Depositional environment
Manten (1966) deduces that the Burgsvik beds were formed fairly close to the shoreline on a beach "faintly sloping towards the open sea", and that they were extensively reworked by the action of tides and storms. Evidence from cross-bedding and ripple marks is taken to imply a subaquaeous origin; rounded oolite pebbles and slightly rounded, size-sorted fossils are evidence of a high-energy environment. The presence of certain species of lamellibranch molluscs suggest a marine setting, and the thick shells present are also indicative of that type of environment. Rare burrows, sometimes found in clay lenses, may have formed in quieter waters that were protected by low sand or reef barriers from wave action. Features that only form on sub-aerial ground, including erosion channels, pothole-like excavations, mud cracks and dendritic rill marks are all present, and provide firm evidence that parts of the environment consisted of beaches or unvegetated ground that occasionally ran dry. Detailed petrographic and paleæoecological analysis of the upper and top few metres of the middle Burgsvik Beds by Stel and de Coo (1977) confirm that this section of the sequence was deposited between the beach and the lower foreshore; oolites and oncolites in the upper strata form in an "agitated shallow marine setting", implying a minor tidal influence. The paleoshoreline was located to the northeast, and facies become progressively more marine in character progressing to the southwest (Jeppsson 2005).
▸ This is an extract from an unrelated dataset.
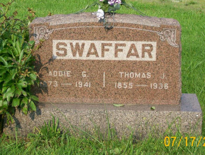 SSW: Addie G. - Research Note: His death certificate reads that Tom Swaffar, born in TN, was his father. His mother was listed as Elmire Liner, born VA. Addie Swaffar was given as his wife. His first wife was Isabelle Hemphill. - Ancestry.com Obit: Thomas J. Swaffar died Feb. 18, 1936 at Purdy, MO, of a complication caused by a fall on the ice Feb. 1. His age was 80 years, six months and two days. He was born Aug. 16, 1855, near Calhoun, TN, moved to Barry Co, MO in 1874 and has lived in and around Purdy for 52 years. At the age of 26 years he married Isabelle Hemphill at Calhoun, TN. To this union four children were born, of which three survive: Arthur Boyd and Thomas Neil of Purdy, Mrs. Myrtle Belle Bradley of Cassville, MO. Etta deceased in infancy. The wife deceased in 1889. In the year 1891 he was married to Adelia G. Liner of Brightwater, AR. To this union twelve children were born, of which eleven survive. Herbert Edward deceased in infancy. Those surviving: Mrs. Anna Lee Shaw of Bellflower, CA; Benjamin A. of Lomita, CA; James S. of Purdy; William Merrel of Minden Mines, MO; Porter Dewitt of Purdy; John C. of Purdy; Joseph Howard of Bellflower, CA; Oswald Maynard of Wilmington, CA; Mrs. Almira E. Shepherd of Purdy; Ornan B. and Mary Ella of the home. He leaves his widow, 14 children, 31 grandchildren, seven great grandchildren and a host of relatives and friends to mourn his passing. Funeral service was conducted at the Arnhart church by Elders C. M. Smith and Windord Davis. Interment in the Arnhart Cemetery. | Death Certificate Donna Cooper Obit Phyllis Long Photo Jay Trace |

Recent studies suggest that the sandstone might in fact represent delta deposits.[2]
Palaeogeographic reconstructions allow the position of Gotland at the time of deposition to be deduced, and it appears that the Burgsvik beds were deposited near the equator (Torsvik et al. 1993). Combined with the high temperatures of the Silurian, this may have led to very hot, hypersaline waters.[citation needed]
Subdivisions of the Burgsvik beds after Manten (1971) | ||
−45 — – −40 — – −35 — – −30 — – −25 — – −20 — – −15 — – −10 — – −5 — – 0 — | Upper Middle Lower | |
Grain size -→
Vertical scale in Metres |
Sedimentology
Long (1993) recognises three lithofacies in the Burgsvik beds; a poorly exposed silty/sandy mudstone facies dominant in the lower beds, appearing as interbeds in the middle beds; a fine to very fine sandstone; and a "biofacies" consisting of ooids, oncolites and bioclasts. He challenges three interpretations of the sub-aerial sandstone facies. Contrary to Gray et al.'s (1974) tidal mud flat interpretation, Long surmises that it may represent locally emergent offshore bars, near-shore sands or beach deposits. Tides cannot be a dominant factor, as cross-stratification is abundant; storm beds, recognised by hummocky cross-stratification, are also common, suggesting that storms were important in shaping the landscape. Irregularly aligned prod and scour marks on the sea floor shows that waves also played a role. The most favourable conclusion appears to be that the facies represents a shoaling sequence — the migration of sand wave complexes, detached offshore bars (Swift & Field 1981, Brenner et al. 1985) or isolated mid-shelf bars (La Fon 1981).
This section needs expansion. You can help by adding to it. (June 2008) |
Correlation
Mainly due to the inhomogeneous nature of shoreline deposits, lateral variation is intense throughout the Burgsvik beds, making correlation difficult (Laufeld 1974). However, using freshly available borehole data, Manten (1971) was able to further sub-divide the Burgsvik beds into 3 members, illustrated above. The upper bed can be recognised across the entire outcrop belt, varying slightly along strike, and has a distinctive lower contact. The lower bed, however, is easily eroded and rarely exposed. To further complicate the matter, the depositional area was being continually provided with sediment — and thus filling up — from the north west. As bioherm detritus and terrigenous infill accumulated, the coast prograded, and the reef zone advanced in front of it to the south west. This pattern is complicated further by sea level changes, making precise interpretation troublesome (Laufeld 1974).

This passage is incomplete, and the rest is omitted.